Prediction versus test data for the endogenous variables

Once we train and test the model, we move to the forecasting phase.

# Function to forecast the variables
def forecast(data, title, params):
forecast_index = pd.date_range(start = '2023-12-01', periods =10, freq = 'MS')
arima_model = ARIMA(data, order = params)
model_fit = arima_model.fit()
model_forecast = model_fit.forecast(steps=10)
#model_forecast = pd.DataFrame(model_forecast)
model_forecast.index = forecast_index#.astype(str)

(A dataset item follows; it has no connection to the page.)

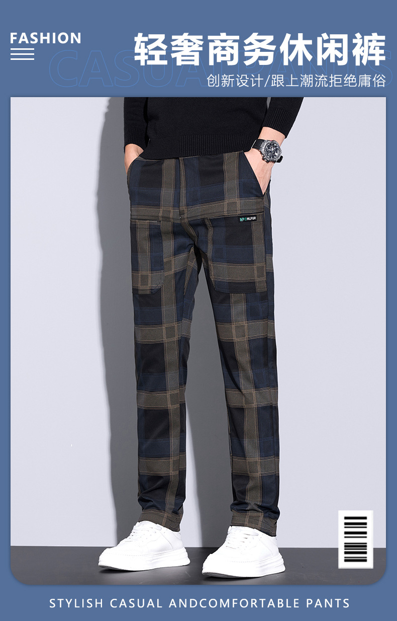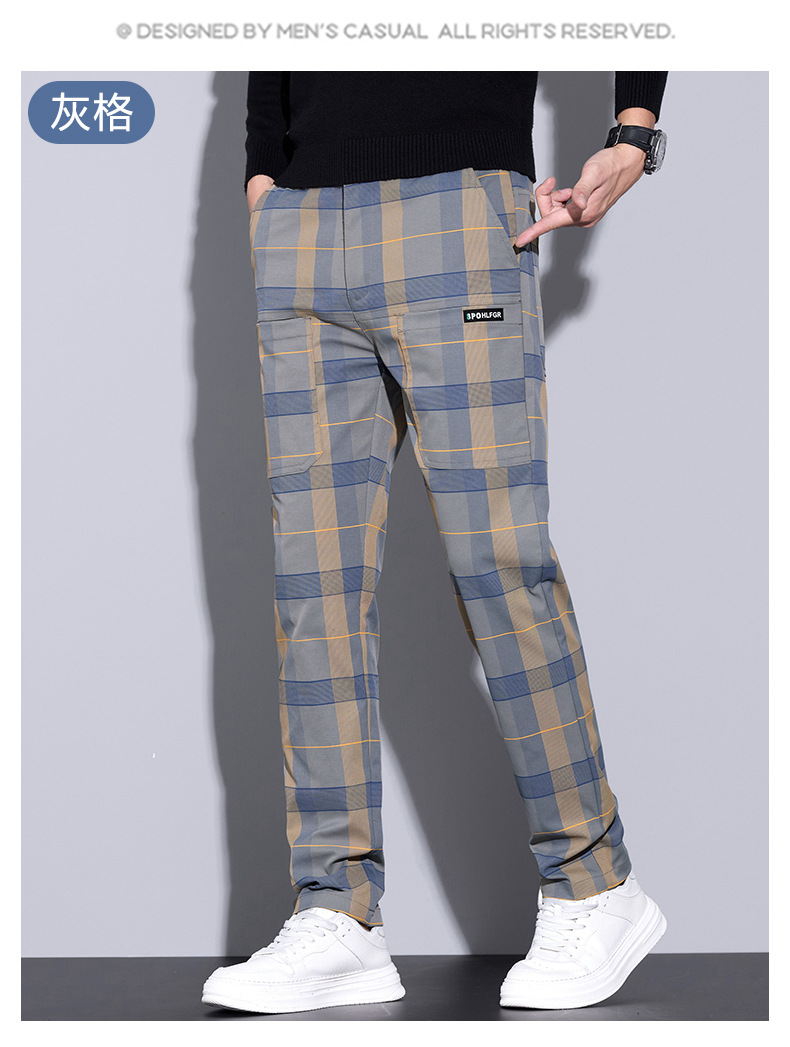 2026 봄 신상 남성 체크무늬 캐주얼 팬츠, 편안하고 다용도로 활용 가능한 신축성 있는 6포켓 스트레이트 팬츠, 남성용 대형 사이즈 바지스토어 가기

# Plotting the forecasted variables
plt.plot(data[:], label='Actual')
plt.plot(model_forecast, label='ARMA Forecast')
plt.title(title)
plt.xlabel('Date')
plt.legend()
plt.tight_layout()
plt.show()
return model_forecast

We are all set for the SARIMAX modeling and forecasting of the exchange rate! To start, we first merge all the variables into a single data frame and find the first difference in the exchange rate. Then, we plot the Auto-Correlation and Partial Auto-Correlation functions to determine the lags.

X = pd.concat([cpi_us_diff,cpi_ind_diff,fund_rate_diff,int_rate_ind_diff,bop_us_diff,bop_ind_diff], axis = 1)
X.set_index(cpi_us_diff.index)
y = us_ind_df.diff().dropna()

acf_pacf_plots(y,"US Dollar to Indian Rupees Monthly")

split_index = int(0.9*len(X))
X_train = X[:split_index]
y_train = y[:split_index]
X_test = X[split_index:]
y_test = y[split_index:]
Auto-Correlation and Partial Auto-Correlation Function. Image by the Author

As we obtain the lag parameters, we can use it to train and test the SARIMAX model and compare the predictions with the test data.

from statsmodels.tsa.statespace.sarimax import SARIMAX

start = len(X_train)
end = len(X_train) + len(X_test) -1

sarimax = SARIMAX(y_train, exog = X_train, order=(9,0,9))
sarimax_fit = sarimax.fit(disp=0)
sarimax_predict = sarimax_fit.predict(start, end, exog = X_test)
sarimax_predict.index = X_test.index

plt.plot(y_train, label='Train')
plt.plot(y_test, label='Test')
plt.plot(sarimax_predict, label='SARIMAX Predictions')
plt.title('USD to INR Diff SARIMAX Prediction')
plt.xlabel('Date')
plt.legend()
plt.show()

perf_metrics(y_test,sarimax_predict,"USD to INR")
(a) Prediction and test data comparison. (b) SARIMAX Forecasting of the Exchange rates. Images by the Author.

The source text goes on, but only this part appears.